**THE TASK**
Within the records that follow, restate exactly the lines from the line with "A beautifully crafted" down to the line with "From the movie: Clara", including both. Omit the pictures.

Extracted records:
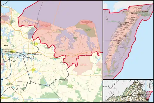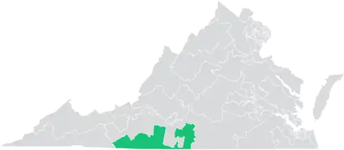 The district overlaps with Virginia's 5th and 9th congressional districts, and with the 5th, 6th, 9th, 14th, 16th, and 60th districts of the Virginia House of Delegates.[4] It borders the state of North Carolina.[1]
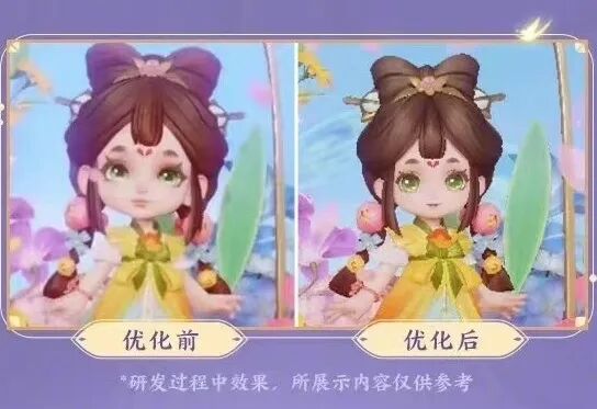 花朝如约皮肤的建模再次进行了优化,不仅建模的头变小了很多,建模的面部表情和神态也调整了。可以看一下优化前后的对比,这个优化成果真的很明显了,优化之后的建模更加可爱了,没有之前土里土气的感觉了。
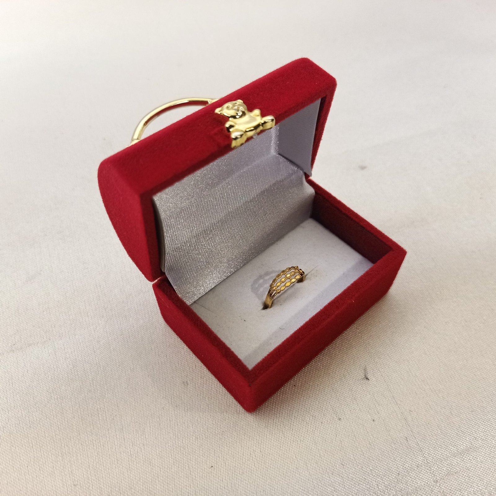A beautifully crafted gold plated ring featuring a textured Centre design that adds a unique touch of elegance. Its intricate detailing and smooth band make it perfect for everyday wear
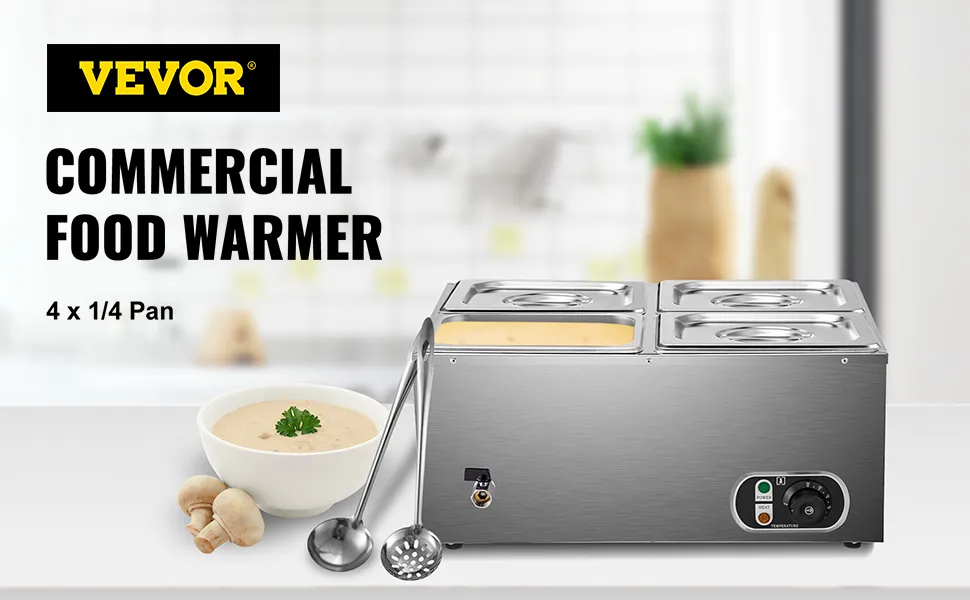 The food warmer comes with four 1/4 pans for large capacity. It is compatible with wet and dry applications, keeping your delicious foods hot and ready to serve.
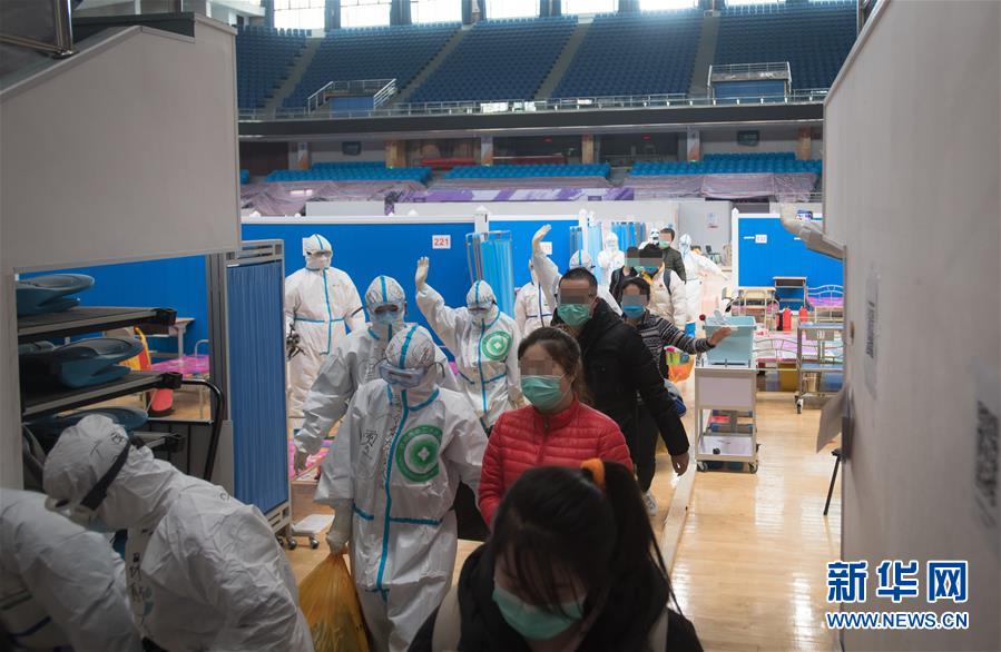 3月10日,武漢武昌方艙醫(yī)院正式休艙。這是醫(yī)護(hù)人員護(hù)送痊愈患者出艙。新華社記者肖藝九攝
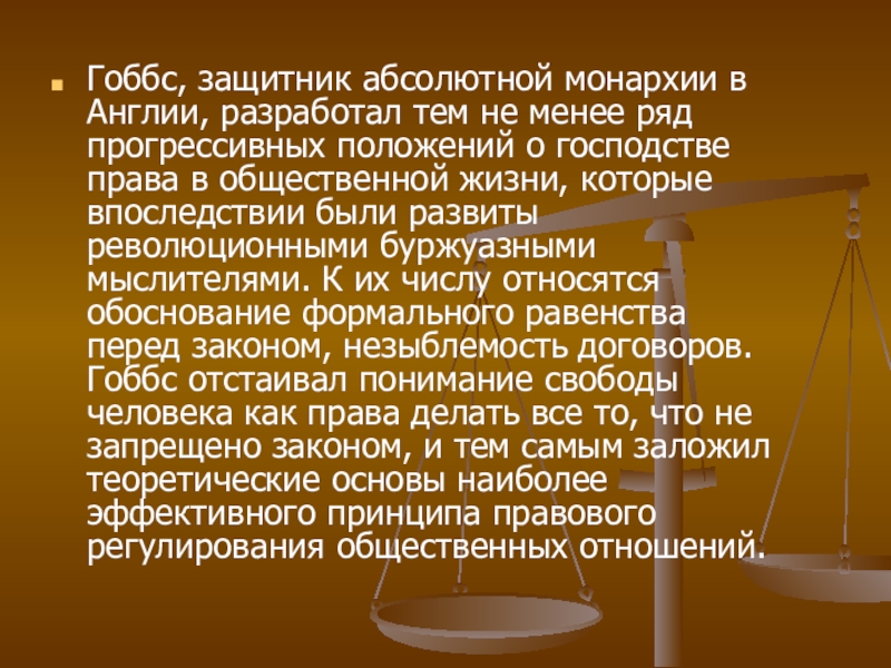 впоследствии были развиты революционными буржуазными мыслителями. К их числу относятся обоснование формального равенства перед законом, незыблемость договоров. Гоббс отстаивал понимание свободы человека как права делать все то, что не запрещено законом, и тем самым заложил теоретические основы наиболее эффективного принципа правового регулирования общественных отношений.
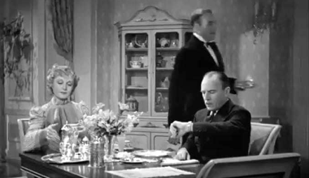 From the movie: Clara Topper (Billie Burke) and Cosmo Topper (Roland Young) sitting down to breakfast. Wilkins, the butler (Alan Mowbray), in the background.
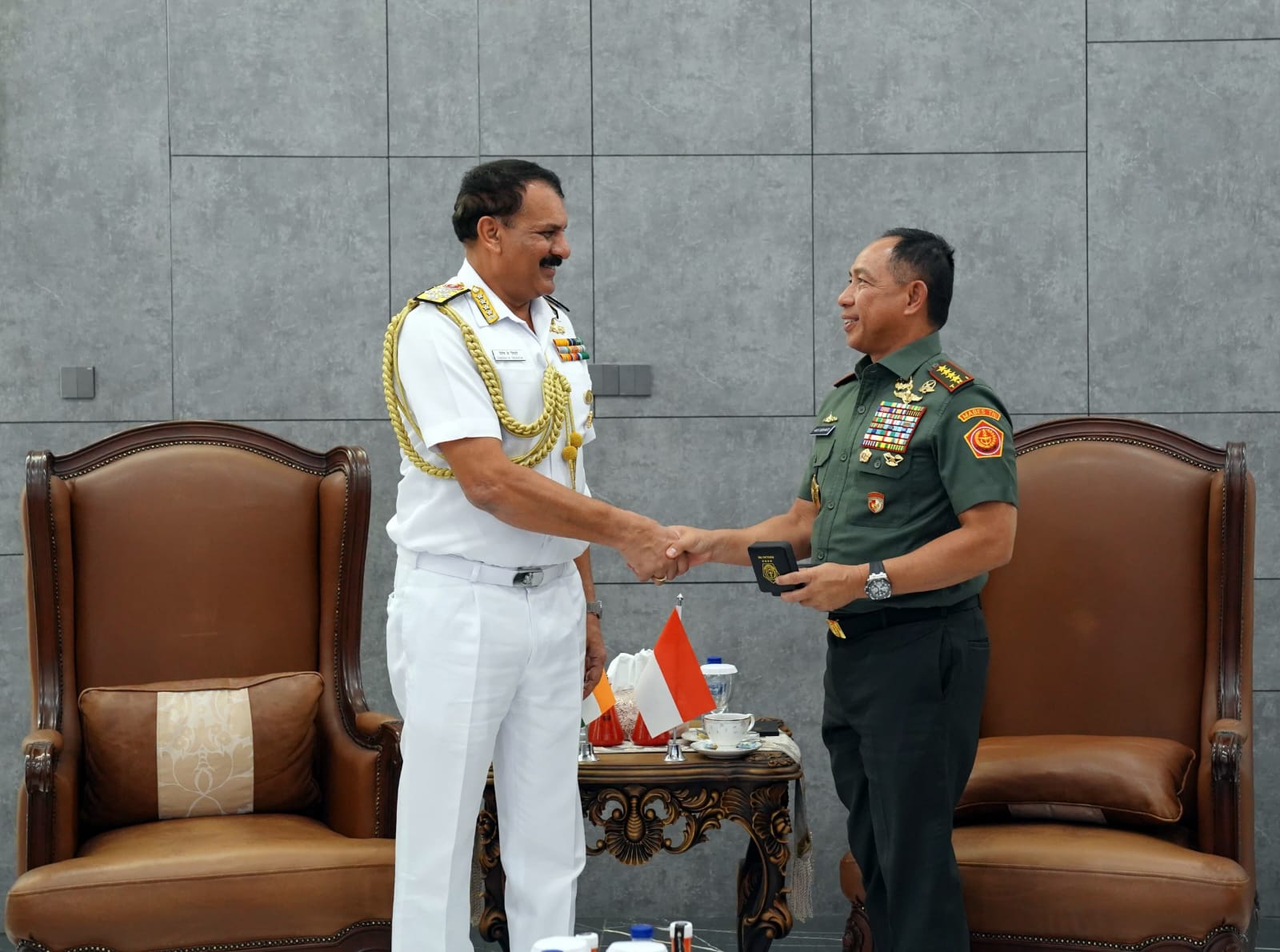 Jakarta – Matafaktanews.com. Panglima TNI Jenderal TNI Agus Subiyanto menerima Kunjungan Kehormatan Kepala Staf Angkatan Laut (Kasal) India Laksamana Dinesh Kumar Tripathi, PSVM., AVSM., NM., bertempat di Kantor Subden Merdeka Barat, Jakarta Pusat. Senin (16/12/2024).
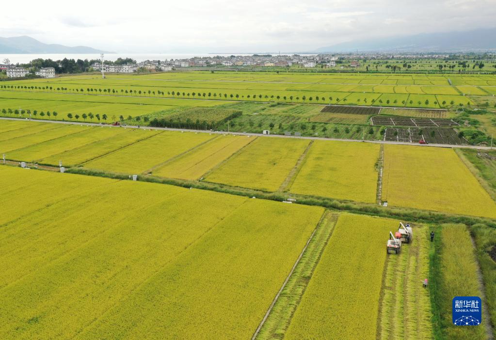 9月22日,在云南省大理市灣橋鎮古生村,村民在洱海邊的種植基地收割水稻(無(wú)人機照片)。
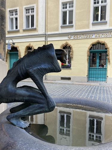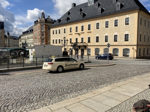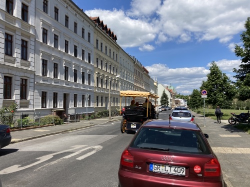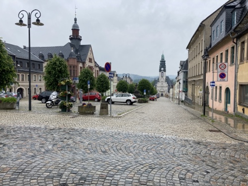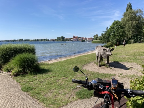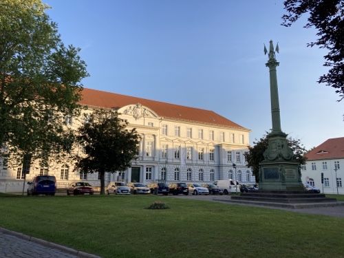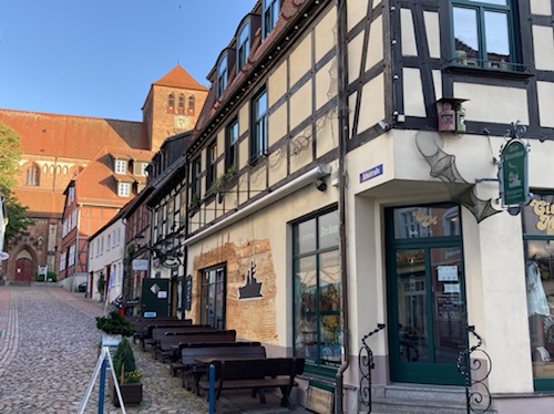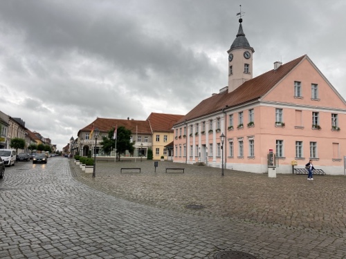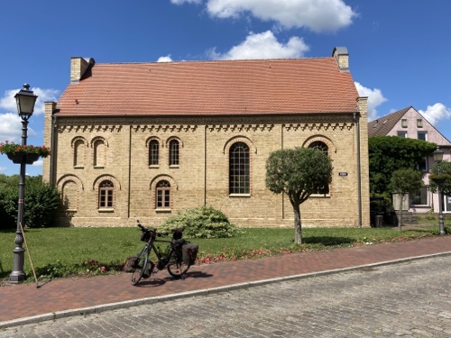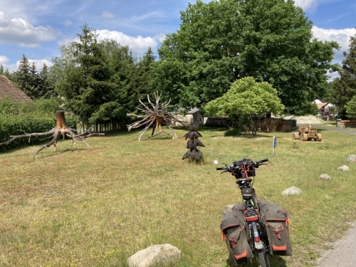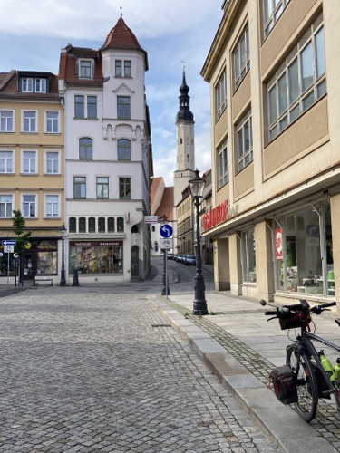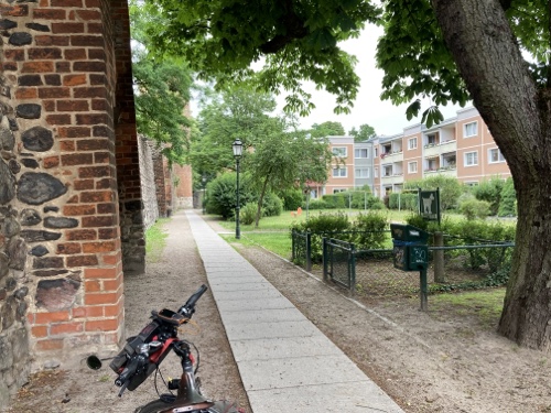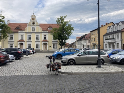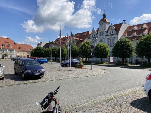 Touristische Highlights habe ich mir am Vorabend beim Studium der Karte auf dem kleinen Tablet parallel in Wikipedia herausgesucht. Ich finde es sehr interessant, ein paar Details zu der Gegend, Stadt oder Sehenswürdigkeit zu lesen und sie dem Blog hinzufügen. Wenn ich mich über die Städte informiert habe, bin ich zwangsläufig an den Angaben zur Zusammensetzung des Stadtparlaments vorbeigekommen. Es hat mir immer eine gewisse Beklemmung verursacht, wenn ich gelesen habe, wie hoch der AfD-Anteil in den meisten besuchten Städten in Sachsen, Brandenburg und Mecklenburg-Vorpommern ist. Das passt so gar nicht zu der ebenfalls vielfältig sichtbaren Erinnerung an die Opfer des Nationalsozialismus.
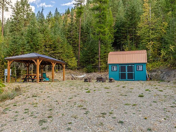This stunning 5.5-acre Cusick property offers electrical power and a cleared area perfect for building or parking an RV, complete with installed hookups. You'll enjoy deeded access to a boat launch on the Pend Oreille River, enhancing your outdoor experience. The property is both private and serene, yet conveniently located near multiple lakes and just a short drive from year-round activities, including 49° North Ski Resort, Priest Lake, and Kalispel Casino (about 24 miles away). Additional features include a 12x16 cabin with a loft, a shed with a bed and mini fridge, a 12x20 lighted gazebo with a power station, a cozy fire pit with rustic seating, and a dog run. Adjacent to ORV trails on public lands and year-round access from a publicly maintained road. The well was installed in 2022, fiber internet is available at the curb, and the property is adorned with wild berries, including strawberries, thimbleberries, and bunchberries.

**RESPONSE**
A beautifully crafted gold plated ring featuring a textured Centre design that adds a unique touch of elegance. Its intricate detailing and smooth band make it perfect for everyday wear
 The food warmer comes with four 1/4 pans for large capacity. It is compatible with wet and dry applications, keeping your delicious foods hot and ready to serve.
 3月10日,武漢武昌方艙醫(yī)院正式休艙。這是醫(yī)護(hù)人員護(hù)送痊愈患者出艙。新華社記者肖藝九攝
 впоследствии были развиты революционными буржуазными мыслителями. К их числу относятся обоснование формального равенства перед законом, незыблемость договоров. Гоббс отстаивал понимание свободы человека как права делать все то, что не запрещено законом, и тем самым заложил теоретические основы наиболее эффективного принципа правового регулирования общественных отношений.
 From the movie: Clara Topper (Billie Burke) and Cosmo Topper (Roland Young) sitting down to breakfast. Wilkins, the butler (Alan Mowbray), in the background.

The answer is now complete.